Book reviews – The Importance of Music to Girls and A Girl’s Guide to Rocking
– by Kaitlin Fontana
Two girls walk into their publishers…
It’s not a joke, thankfully. The two girls in question are Lavinia Greenlaw (who, at 45, is probably more of a woman) and Jessica Hopper. Greenlaw is an accomplished English poet who was born and raised in London and surroundings, and therefore witnessed every important music moment from hippies to Beatles to punk to disco and all between. Hopper is a music writer (Chicago Reader, LA Weekly, Spin) and is the music consultant for NPR. She’s of that class of young female music writer (present company included) who will perpetually look 12 years old, even if they’re 30. I cannot explain this.
I can explain each author’s respective interest in the subject matter at hand: girls and music. For Greenlaw, this manifests in a memoir called The Importance of Music to Girls (Faber and Faber Limited, February 2009, trade, 195 pps.), which has previously been maligned by book reviewers from the NY Times to the Guardian as a misleading title. (I can’t totally disagree.)

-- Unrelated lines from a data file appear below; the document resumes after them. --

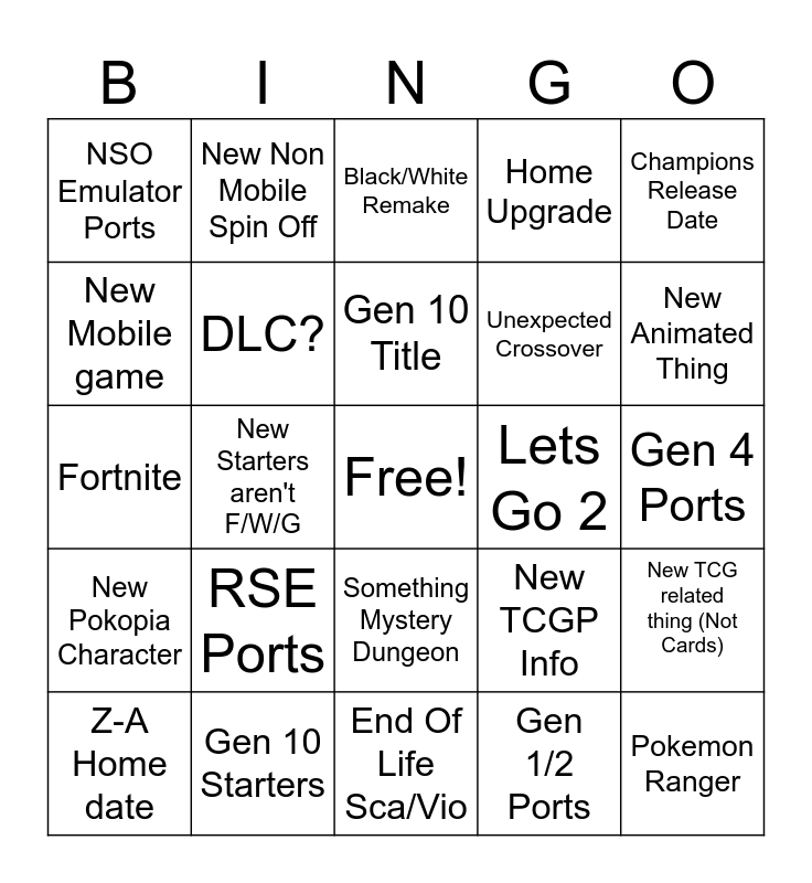 This bingo card has a free space and 24 words: RSE Ports, Gen 10 Starters, Gen 10 Title, Z-A Home date, Champions Release Date, NSO Emulator Ports, New Mobile game, New Non Mobile Spin Off, Lets Go 2, Something Mystery Dungeon, Unexpected Crossover, Fortnite, New TCGP Info, New TCG related thing (Not Cards), DLC?, Gen 1/2 Ports, Gen 4 Ports, Black/White Remake, New Animated Thing, New Starters aren't F/W/G, Pokemon Ranger, New Pokopia Character, Home Upgrade and End Of Life Sca/Vio.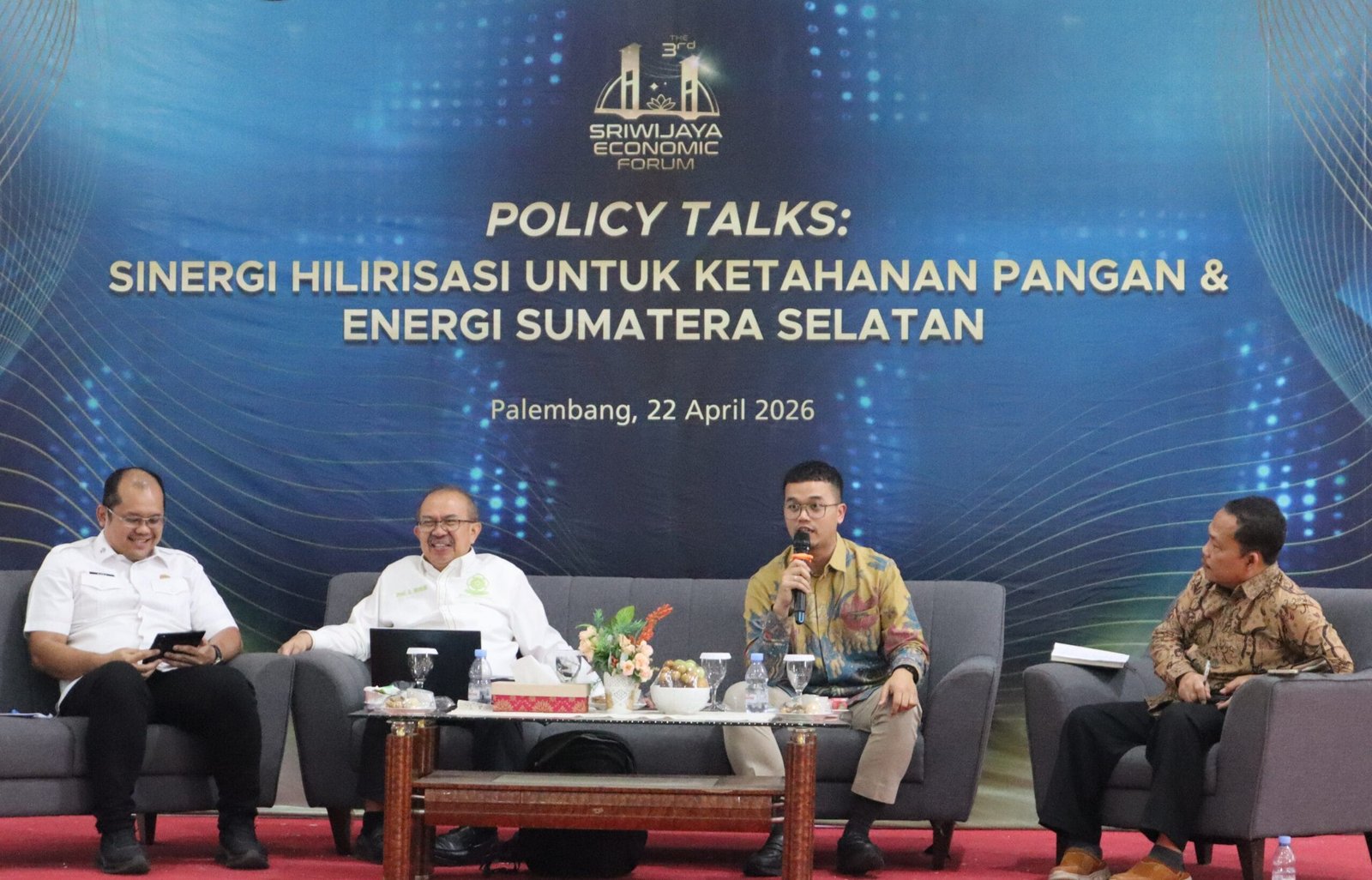 Sesi Policy Talks menghadirkan narasumber lintas sektor, yaitu Dekan Fakultas Pertanian Universitas Sriwijaya Prof. Dr. Ir. A. Muslim, M.Agr (akademisi), Plt. Kepala Bappeda Provinsi Sumatera Selatan Dody Eko Prasetyo, S.T., M.T. (pemerintah daerah), serta Investor Relations Department Head PT Bukit Asam Tbk. Aldy Pratama (dunia usaha). Para panelis menyampaikan perspektif strategis mengenai percepatan hilirisasi sebagai pengungkit utama pertumbuhan ekonomi Sumatera Selatan.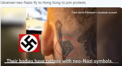 Tweet από το « Hong Kong Hermit » δείχνουν μια photo ενός tatouage nazi ενός από τους Ουκρανούς πού πήγαν στο Hong Kong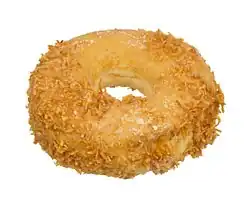 The coconut doughnut (or coconut donut) is a variety of doughnut in the United States and Canada that is usually covered or topped with shredded or flaked coconut topping. It is often toasted or broiled, and there are variations made with chocolate[1] and, in a 1959 recipe, orange juice in the dough and icing.[2]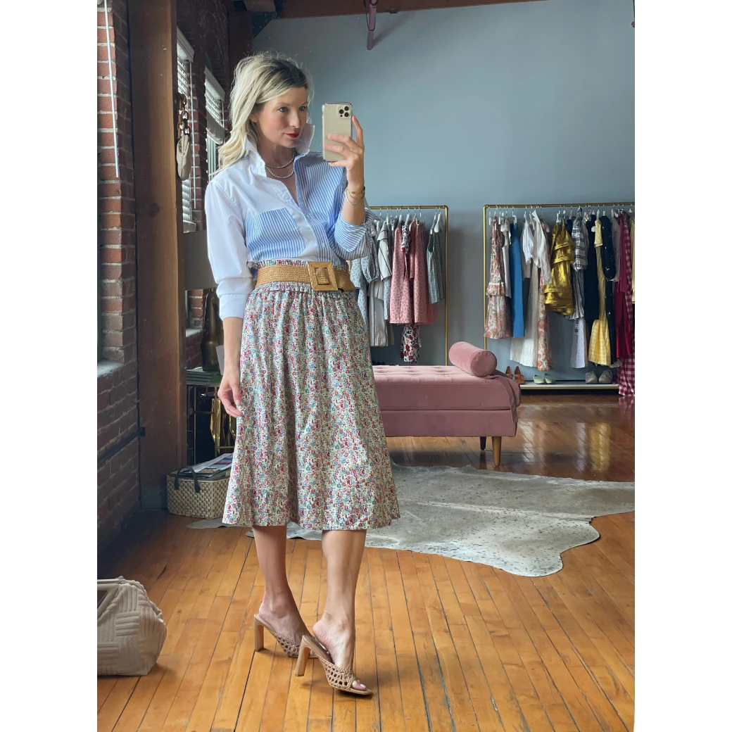 SIZE S/M band measures 31″ with stretch up to 42/43″. Length from top of smocking to hem is 28.5″. Top ties are adjustable and can accommodate different heights allowing length up to 36″/37″

Already an acclaimed poet when she published Importance in 2007, Greenlaw’s book (given paperback release in North America this year) explores her personal connection to music and its touchstones in her life from childhood right up through her adult years. In other words, it’s not a treatise on the importance of music to girls (though at times it is). It’s actually about the importance of music to Lavinia.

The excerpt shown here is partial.